If you use the nvprof --print-gpu-trace option, you will see these operations in the sequence order that they occurred, which also may give you some information about what is happening under the hood. You can also demangle the kernel names (have to do that yourself). When I use print-gpu-trace, I get output like this:
$ nvprof --print-gpu-trace ./t81
==27715== NVPROF is profiling process 27715, command: ./t81
==27715== Profiling application: ./t81
==27715== Profiling result:
Start Duration Grid Size Block Size Regs* SSMem* DSMem* Device Context Stream Name
1.05479s 4.1920us (128 1 1) (256 1 1) 23 0B 0B Tesla P100-PCIE 1 7 __nv_static_45__32_spRealComplex_compute_70_cpp1_ii_1f28721c__ZN13spRealComplex16repackC2C_kernelIjdEEvNS_19spRealComplexC2C_stIT_T0_EE [852]
1.05483s 8.1280us (16 1 1) (8 8 4) 88 18.000KB 0B Tesla P100-PCIE 1 7 void dpRadix0256C::kernel1Mem<unsigned int, double, fftDirection_t=-1, unsigned int=8, unsigned int=2, CONSTANT, ALL, WRITEBACK>(kernel_parameters_t<fft_mem_radix1_t, unsigned int, double>) [855]
1.05487s 8.8960us (32 1 1) (8 8 2) 80 9.0000KB 0B Tesla P100-PCIE 1 7 void dpRadix0128C::kernel3Mem<unsigned int, double, fftDirection_t=-1, unsigned int=8, unsigned int=4, CONSTANT, ALL, WRITEBACK>(kernel_parameters_t<fft_mem_radix3_t, unsigned int, double>) [858]
1.05490s 4.8640us (64 1 1) (256 1 1) 28 0B 0B Tesla P100-PCIE 1 7 __nv_static_45__32_dpRealComplex_compute_70_cpp1_ii_f01f2bc9__ZN13dpRealComplex24postprocessC2C_kernelMemIjdL9fftAxii_t1EEEvP7ComplexIT0_EPKS4_T_15coordDivisors_tIS8_E7coord_tIS8_ESC_S8_S3_10callback_t [862]
Regs: Number of registers used per CUDA thread.
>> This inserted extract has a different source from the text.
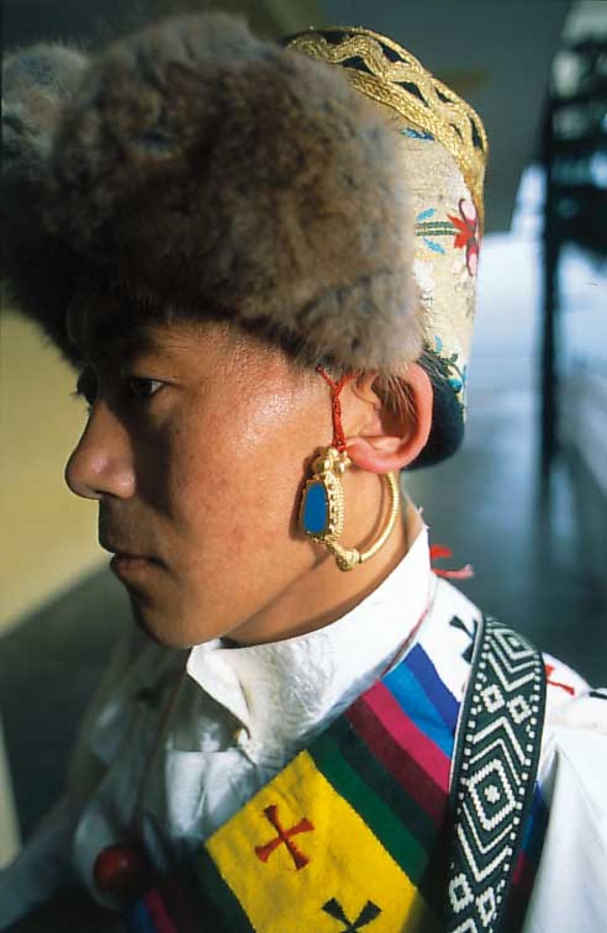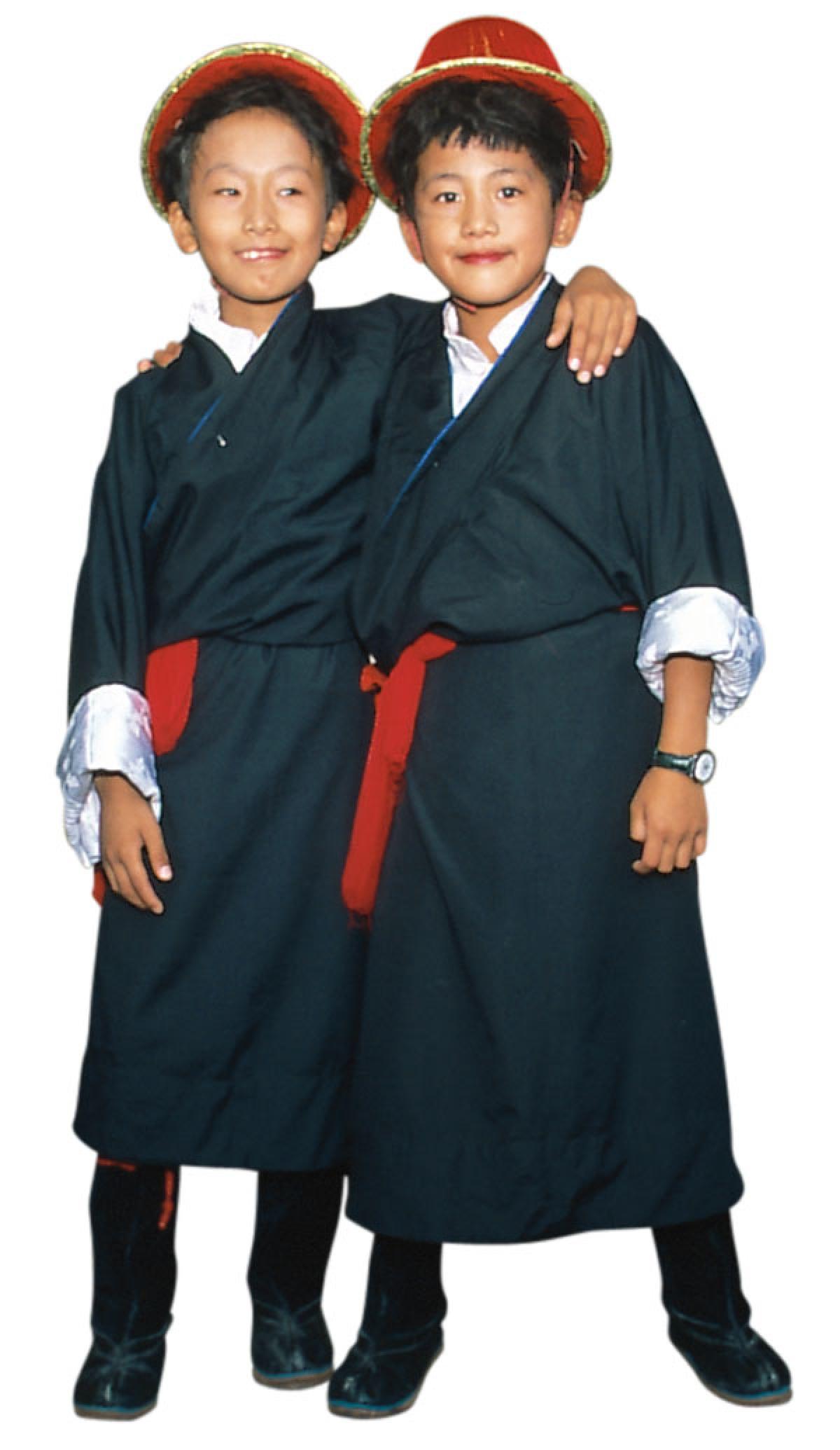 Both girls and boys in Tibet wear a chupa, an ankle-length coat or dress that is held together with a belt. Usually it is made from simple material and is one colour. For a party is can be made of silk with beautiful patterns. The man’s chupa has long sleeves and is made of thicker material than the woman’s sleeveless dress variety.
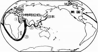(2)图中运输线路 ① 途经阿拉伯海 、 、 地中海 、大西洋,石油主要运往 和 ;线路 ② 经过位于东南亚的重要海峡 ,此运输线被日本称为“ ” ;线路 ③ 绕道非洲南端的 ,主要运往 和 。在三条运输路线中,运量最大的是 。

This number includes registers used internally by the CUDA driver and/or tools and can be more than what the compiler shows.
SSMem: Static shared memory allocated per CUDA block.
DSMem: Dynamic shared memory allocated per CUDA block.
so in my case, the repack kernel comes first, followed by 2 FFT operations, followed by the post-process kernel
By default, nvprof does demangling. Not sure why that is not happening for some of these kernels.